Lines from the top of the entries down to the line with "The image provides" must be set down exactly as they stand, with both ends retained.
*** ENTRIES SUPPLIED ***
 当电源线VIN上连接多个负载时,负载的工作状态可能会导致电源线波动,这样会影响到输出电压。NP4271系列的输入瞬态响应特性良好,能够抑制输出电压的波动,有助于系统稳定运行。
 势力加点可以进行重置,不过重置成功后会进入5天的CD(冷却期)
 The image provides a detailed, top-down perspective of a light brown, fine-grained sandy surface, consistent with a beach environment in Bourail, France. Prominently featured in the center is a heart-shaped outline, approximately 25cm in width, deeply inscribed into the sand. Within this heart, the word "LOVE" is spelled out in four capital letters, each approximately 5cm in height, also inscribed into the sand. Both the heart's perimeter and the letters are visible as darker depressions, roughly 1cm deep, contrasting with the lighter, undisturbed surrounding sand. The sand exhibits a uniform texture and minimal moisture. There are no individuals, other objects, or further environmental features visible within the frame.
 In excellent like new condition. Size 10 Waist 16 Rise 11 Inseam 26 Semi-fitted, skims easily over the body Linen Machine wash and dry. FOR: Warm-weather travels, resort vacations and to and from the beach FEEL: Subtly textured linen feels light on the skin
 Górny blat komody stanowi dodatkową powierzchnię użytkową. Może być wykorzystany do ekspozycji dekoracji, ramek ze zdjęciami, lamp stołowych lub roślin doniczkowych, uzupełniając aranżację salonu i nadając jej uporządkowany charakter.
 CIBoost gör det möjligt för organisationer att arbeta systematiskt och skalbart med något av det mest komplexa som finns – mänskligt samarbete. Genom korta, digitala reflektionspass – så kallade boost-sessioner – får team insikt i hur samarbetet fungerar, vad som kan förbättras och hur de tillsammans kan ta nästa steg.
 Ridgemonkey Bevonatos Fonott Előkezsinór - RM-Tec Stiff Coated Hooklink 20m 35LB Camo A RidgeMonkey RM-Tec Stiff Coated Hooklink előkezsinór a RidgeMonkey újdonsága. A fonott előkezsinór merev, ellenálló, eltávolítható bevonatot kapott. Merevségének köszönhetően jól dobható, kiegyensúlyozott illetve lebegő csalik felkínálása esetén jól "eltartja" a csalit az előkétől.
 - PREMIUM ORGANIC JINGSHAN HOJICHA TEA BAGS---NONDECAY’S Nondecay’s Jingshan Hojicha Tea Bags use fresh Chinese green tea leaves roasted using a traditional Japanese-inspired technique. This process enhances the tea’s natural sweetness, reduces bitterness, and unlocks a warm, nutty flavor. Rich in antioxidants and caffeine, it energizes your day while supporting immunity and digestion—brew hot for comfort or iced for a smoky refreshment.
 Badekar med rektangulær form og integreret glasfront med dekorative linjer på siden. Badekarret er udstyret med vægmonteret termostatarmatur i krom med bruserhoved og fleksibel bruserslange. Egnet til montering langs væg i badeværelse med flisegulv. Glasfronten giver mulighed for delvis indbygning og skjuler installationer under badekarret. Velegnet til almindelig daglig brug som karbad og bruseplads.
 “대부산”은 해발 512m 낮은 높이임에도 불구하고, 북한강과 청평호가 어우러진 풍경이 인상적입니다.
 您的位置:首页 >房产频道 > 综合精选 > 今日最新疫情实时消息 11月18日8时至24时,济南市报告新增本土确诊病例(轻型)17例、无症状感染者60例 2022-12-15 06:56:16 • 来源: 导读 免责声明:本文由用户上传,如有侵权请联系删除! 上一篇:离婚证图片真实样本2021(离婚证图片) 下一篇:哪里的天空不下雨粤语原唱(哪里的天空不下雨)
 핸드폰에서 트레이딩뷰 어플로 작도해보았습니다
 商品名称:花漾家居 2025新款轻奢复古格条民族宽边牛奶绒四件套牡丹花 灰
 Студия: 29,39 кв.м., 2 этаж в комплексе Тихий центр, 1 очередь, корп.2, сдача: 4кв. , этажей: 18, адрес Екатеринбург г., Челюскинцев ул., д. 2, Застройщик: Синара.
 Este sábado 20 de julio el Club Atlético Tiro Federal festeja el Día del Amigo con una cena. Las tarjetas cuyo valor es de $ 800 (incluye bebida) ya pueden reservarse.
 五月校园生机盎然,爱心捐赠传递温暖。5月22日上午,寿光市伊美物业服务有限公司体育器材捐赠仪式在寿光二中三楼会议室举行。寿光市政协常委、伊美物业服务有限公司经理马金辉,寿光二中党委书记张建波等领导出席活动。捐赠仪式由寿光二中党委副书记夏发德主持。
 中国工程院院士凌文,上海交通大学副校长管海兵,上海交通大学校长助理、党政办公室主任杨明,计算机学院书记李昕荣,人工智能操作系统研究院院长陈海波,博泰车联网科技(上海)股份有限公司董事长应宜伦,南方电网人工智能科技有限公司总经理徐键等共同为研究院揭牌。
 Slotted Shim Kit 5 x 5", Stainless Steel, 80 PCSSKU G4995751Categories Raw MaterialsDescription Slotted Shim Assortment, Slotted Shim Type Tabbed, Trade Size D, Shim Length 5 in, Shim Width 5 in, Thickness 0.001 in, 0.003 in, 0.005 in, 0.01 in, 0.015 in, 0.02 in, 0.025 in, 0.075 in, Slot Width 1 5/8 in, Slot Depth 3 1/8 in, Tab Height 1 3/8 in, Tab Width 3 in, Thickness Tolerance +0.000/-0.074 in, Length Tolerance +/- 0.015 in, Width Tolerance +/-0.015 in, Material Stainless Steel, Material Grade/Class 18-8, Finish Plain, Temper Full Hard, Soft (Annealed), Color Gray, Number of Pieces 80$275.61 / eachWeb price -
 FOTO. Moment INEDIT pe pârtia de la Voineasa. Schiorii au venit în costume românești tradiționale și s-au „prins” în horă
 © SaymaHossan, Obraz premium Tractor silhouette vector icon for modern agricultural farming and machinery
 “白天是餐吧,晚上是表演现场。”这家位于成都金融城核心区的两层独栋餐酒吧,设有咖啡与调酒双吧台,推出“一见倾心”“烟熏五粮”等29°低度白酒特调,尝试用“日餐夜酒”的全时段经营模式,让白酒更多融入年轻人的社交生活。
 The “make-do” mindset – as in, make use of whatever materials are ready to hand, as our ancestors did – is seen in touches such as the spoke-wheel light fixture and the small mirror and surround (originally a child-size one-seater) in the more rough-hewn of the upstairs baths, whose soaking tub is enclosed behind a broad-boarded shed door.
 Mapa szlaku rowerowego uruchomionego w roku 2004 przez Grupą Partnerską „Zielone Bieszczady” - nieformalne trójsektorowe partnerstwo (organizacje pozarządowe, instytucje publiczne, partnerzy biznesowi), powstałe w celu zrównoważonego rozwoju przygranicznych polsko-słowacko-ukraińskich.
***
OUTPUT OF THE EXERCISE.
 当电源线VIN上连接多个负载时,负载的工作状态可能会导致电源线波动,这样会影响到输出电压。NP4271系列的输入瞬态响应特性良好,能够抑制输出电压的波动,有助于系统稳定运行。
 势力加点可以进行重置,不过重置成功后会进入5天的CD(冷却期)
 The image provides a detailed, top-down perspective of a light brown, fine-grained sandy surface, consistent with a beach environment in Bourail, France. Prominently featured in the center is a heart-shaped outline, approximately 25cm in width, deeply inscribed into the sand. Within this heart, the word "LOVE" is spelled out in four capital letters, each approximately 5cm in height, also inscribed into the sand. Both the heart's perimeter and the letters are visible as darker depressions, roughly 1cm deep, contrasting with the lighter, undisturbed surrounding sand. The sand exhibits a uniform texture and minimal moisture. There are no individuals, other objects, or further environmental features visible within the frame.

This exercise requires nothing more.